The square was closed to traffic. The vehicles had to be rerouted around the village. Horns were honking, people shouting, and babies in carriages wailing.
It had been a long, drawn-out war from 1941 to 1945, and many men died on foreign fields. It was a bitter war, but we helped, with our allies, win that struggle for democracy.
Now, seventy-five years later, we are still not living in total peace in the world. There are wars and rumors of wars; kingdoms rising against kingdoms and men and women are still dying to preserve peace. Nothing seems to change over the years. Everything remains the same as it always was. I suppose chaos is present because man hasn’t changed in millennia.
“Well, Tommy, we’ve seen a lot in the last seventy-five years,” Jake said.
“Yep, we sure have, Jake. I remember VJ Day like it was yesterday.”
“I know, but this is a new century. A new time, Jake. We’re octogenarians now it’s time to rest, relax and enjoy whatever time we have left.”
“I don’t know about you, but I’ve booked a sky-diving experience with Buzz Hope.”
“Boy, you’re a daredevil, Tommy. I wouldn’t go up in an airplane let alone jump out of one.”
“It’s gotta be a real thrill, Jake. I can’t wait.” Tommy jumped out of Buzz’s Cessna and landed in Wilson’s Field with only a sprained ankle landing.

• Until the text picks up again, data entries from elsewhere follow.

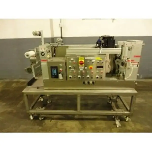 One (1) used Randcastle three roll sheet stack, 8" wide roll face, 2" diameter rolls, cored with rotary unions, adjustable bottom roll, fixed upper and middle rolls, driven by 1/3 hp dc motor with scr controller, Hapa top mounted printer, 8" wide roll face x 2" diameter pull roll stand with top chromed roll and bottom rubber roll driven by 1/3 hp dc motor with scr controller, 8" wide winder driven by .5 hp motor, stainless steel control panel.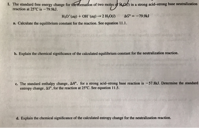 Combine the standard enthalpy of formation and the standard entropy of a substance to get its standard free energy of formation. The following equation relates the standard-state free energy of reaction with the free energy at any point in a given reaction not necessarily at standard-state conditions. Standard free energy change is defined as Change in free energ View the full answer Transcribed image text.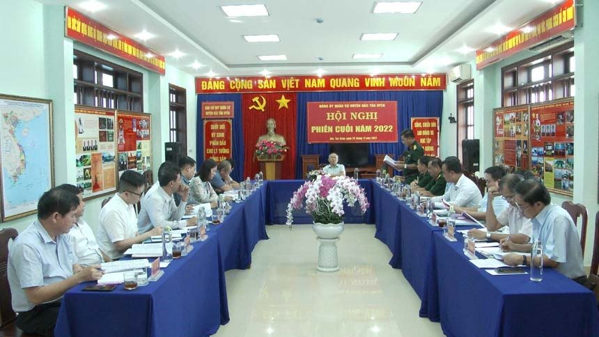 Trong năm 2022, Đảng ủy, Ban Chỉ huy Quân sự huyện đã quán triệt sâu sắc nghị quyết, chỉ thị, mệnh lệnh của cấp trên và tình hình nhiệm vụ quân sự, quốc phòng địa phương; thực hiện tốt công tác tuyển chọn và gọi công dân nhập ngũ năm 2022 đạt 100% chỉ tiêu; chỉ đạo tổ chức tập huấn, huấn luyện cho các đối tượng đúng nội dung, chương trình; tổ chức thành công diễn tập chiến đấu phòng thủ và diễn tập phòng, chống lụt bão, tìm kiếm cứu nạn tại 5 xã, thị trấn trong huyện; thực hiện chế độ chính sách đối với hậu phương quân đội; đóng góp các loại quỹ: đền ơn đáp nghĩa, nhà đồng đội, nhà tình đồng đội, vì người nghèo; tổ chức học tập quán triệt các nghị quyết, chỉ thị cho 100% cán bộ, đảng viên trong lực lượng vũ trang huyện.
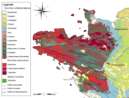 The collision between the Aquitaine and Armorican tectonic plates gave birth in the Carboniferous period to the Hercynian basement of the Armorican massif creating faults oriented north-west, south-east, which go from the Pointe du Raz to Nantes and the Landes de Lanvaux to Angers and extend south of the Loire estuary. These shear fractures are at the origin of grabens which are accentuated during the Mesozoic and the Cenozoic, and fill up with sediments that may be more than 100 m thick in the deepest ditches. They are still active in the Quaternary and their replay explains the earthquakes of the south of the Loire and more particularly those of the Vendée.[10][11]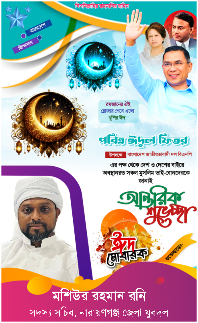 প্রেসবাংলা ২৪. কম: পবিত্র ঈদুল ফিতর উপলক্ষে নারায়ণগঞ্জসহ দেশ-বিদেশের সকল মুসলিম উম্মাহ এবং বাংলাদেশ জাতীয়তাবাদী দল (বিএনপি)-এর সর্বস্তরের নেতা-কর্মীদের আন্তরিক শুভেচ্ছা ও ঈদ মোবারক জানিয়েছেন নারায়ণগঞ্জ জেলা যুবদলের সদস্য সচিব … Read More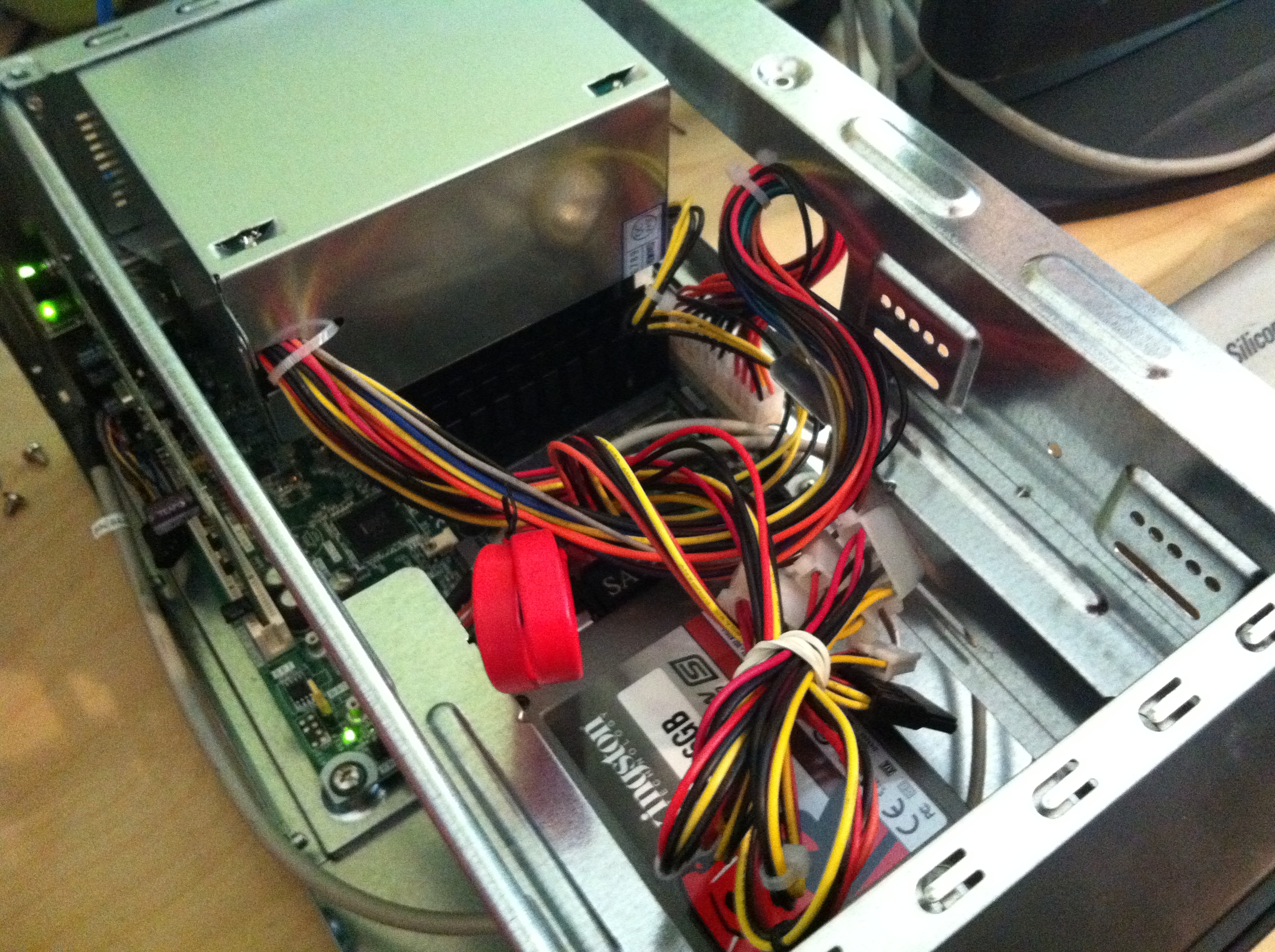 Installation is fairly straightforward, though I’m not sure if I’d use the same case if I did it again. I needed a case with a PCI slot (there are PCI Express Mini Full ethernet cards, but they’re really expensive and rare), and there aren’t many that don’t include a full-size CD-ROM bay. The case is probably twice as big as it needs to be. You mount the motherboard with four screws, plug in two power supply connectors, slot the PCI card, slot the memory, plug in the front-panel connectors and the SSD’s SATA cable, mount the SSD somehow (I just screwed it in on one side), plug an SATA power cable into the SSD and you’re done.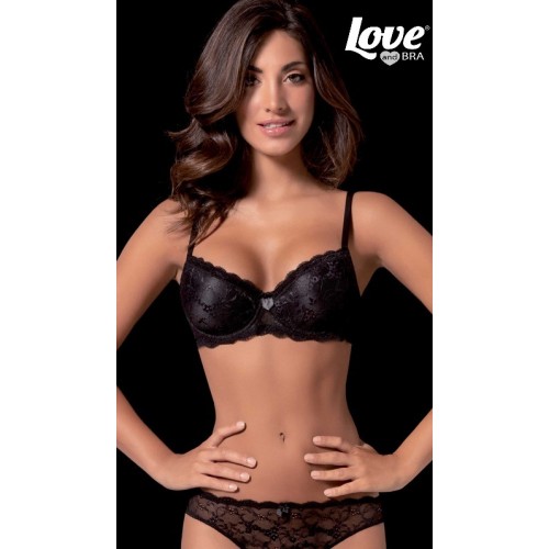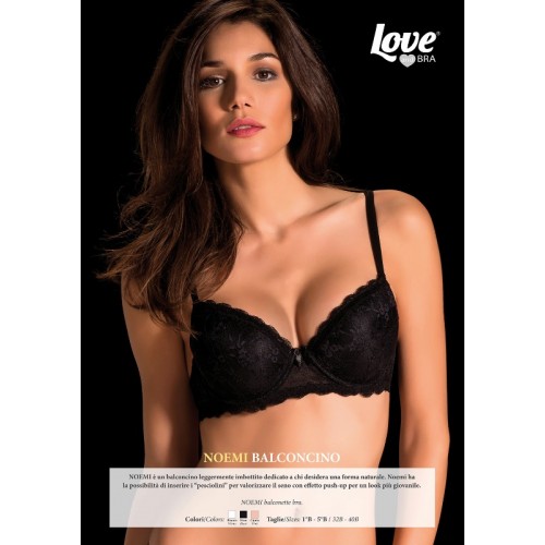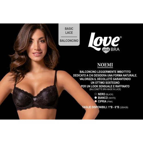 "Love&bra modello Noemi" è un reggiseno Balconcino con ferretto, che ha una meravigliosa vestibilità grazie alla sue coppe leggermente imbottite, il quale da al seno di chi lo indossa una forma naturale; è realizzato interamente in pizzo e la sua composizione è in morbida microfibra.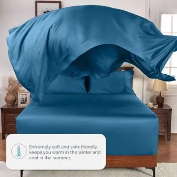GOKOTTA King Size Luxury Bed Sheets 4 Piece Set, 100% Rayon Derived from Bamboo, Softer and Cooling Than Cotton, 24" Extra Deep Pocket Fitted Sheets with Elastic Corner Straps,Blue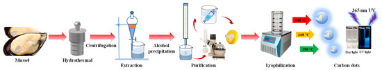 Mussels are naturally inexpensive and rich in nutrients, which consist of proteins (58.7%), carbohydrates (22.5%), and lipids (7%). China has the highest production of mussels in the world, with an annual production of more than 800,000 tons [18]. Abundant components such as carbon, nitrogen, and oxygen motivate us to employ mussels as carbon sources to form cost-effective CDs with high quantum yields. Meanwhile, to the best of our knowledge, mussels have not been previously used to synthesize CDs.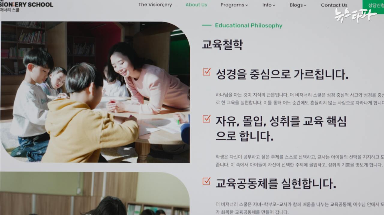 그런데 비전스쿨의 인터넷 홈페이지에 제시된 교육철학은 개신교의 경전, 즉 성경을 중심으로 가르치는 것이다. 또 비전스쿨의 비전은 '믿음의 리더를 양성해 하나님의 나라를 확장하는 것'이라고 돼 있다.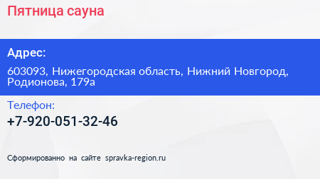 Пятница, сауна по адресу 603093, Нижегородская область, Нижний Новгород, Родионова, 179а в дальнейшем Организация, размещена в следующих категориях: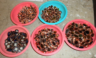 The flowers, are, for the most part made up of two to five pieces of glass (blossom, stem, leaves)--although the smallest ones are just one piece of glass (about an inch or so). Here they are tack soldered together.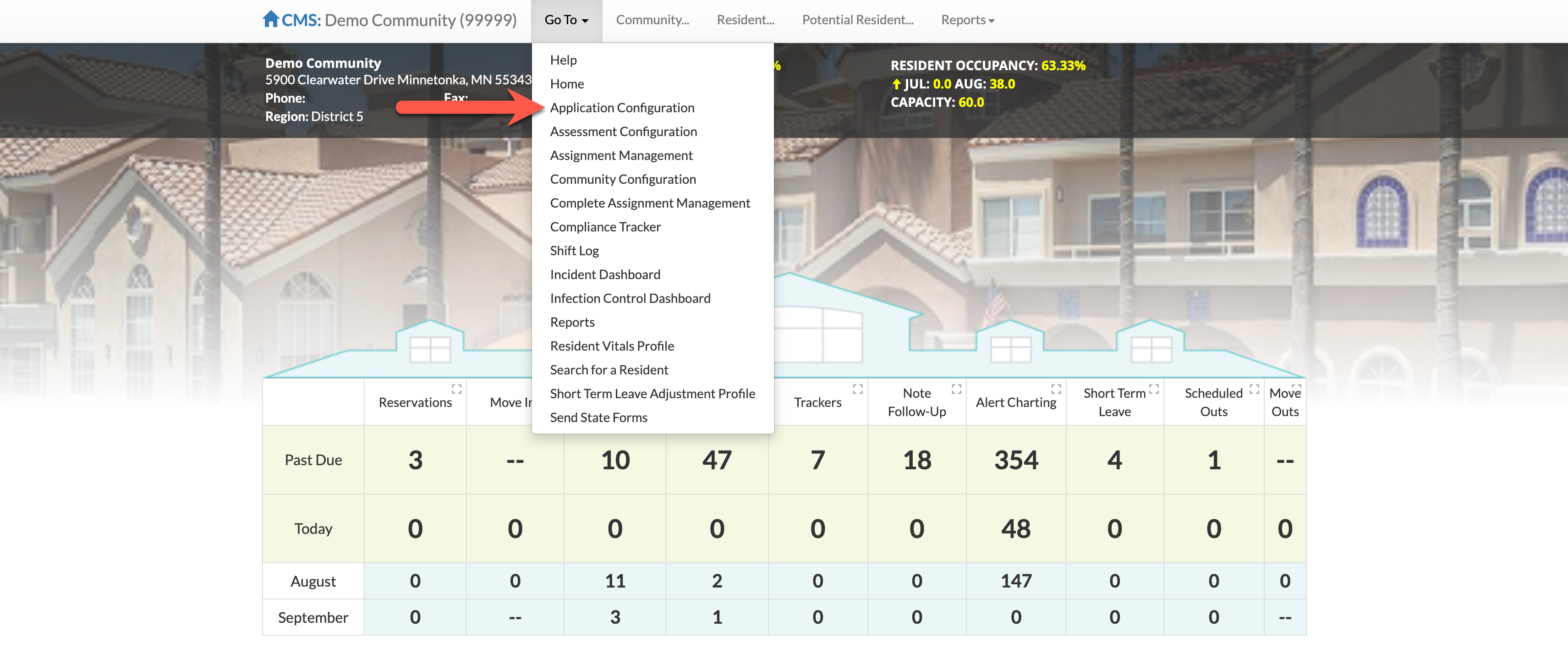 Step 1: To get started, let's hop into the Go To menu and select Application Configuration.

Jake took up coin collecting along with his old hobby of climbing family trees on the Internet. He thought it was safer than skydiving.
Tommy asked, “So do you have any descendants that were in the Civil War, Jake?”
“Yep, my uncle Amos Field. He was in the Maine 25th CoB a nine-month unit out of Yarmouth and North Yarmouth,”
“Was he at Gettysburg or Antietam?”
“Nope. His unit didn’t see any action. They built battlements around the White House.”
“How are you coming with your numismatic hobby?”
“I just started, but I got three rolls of pennies at the bank, and guess what?”
“In one of the rolls, I found a 1955 double-strike penny in very good condition. It is worth $1250.”
“Wow, I think I’ll go into the coin collecting business if it pays that well.”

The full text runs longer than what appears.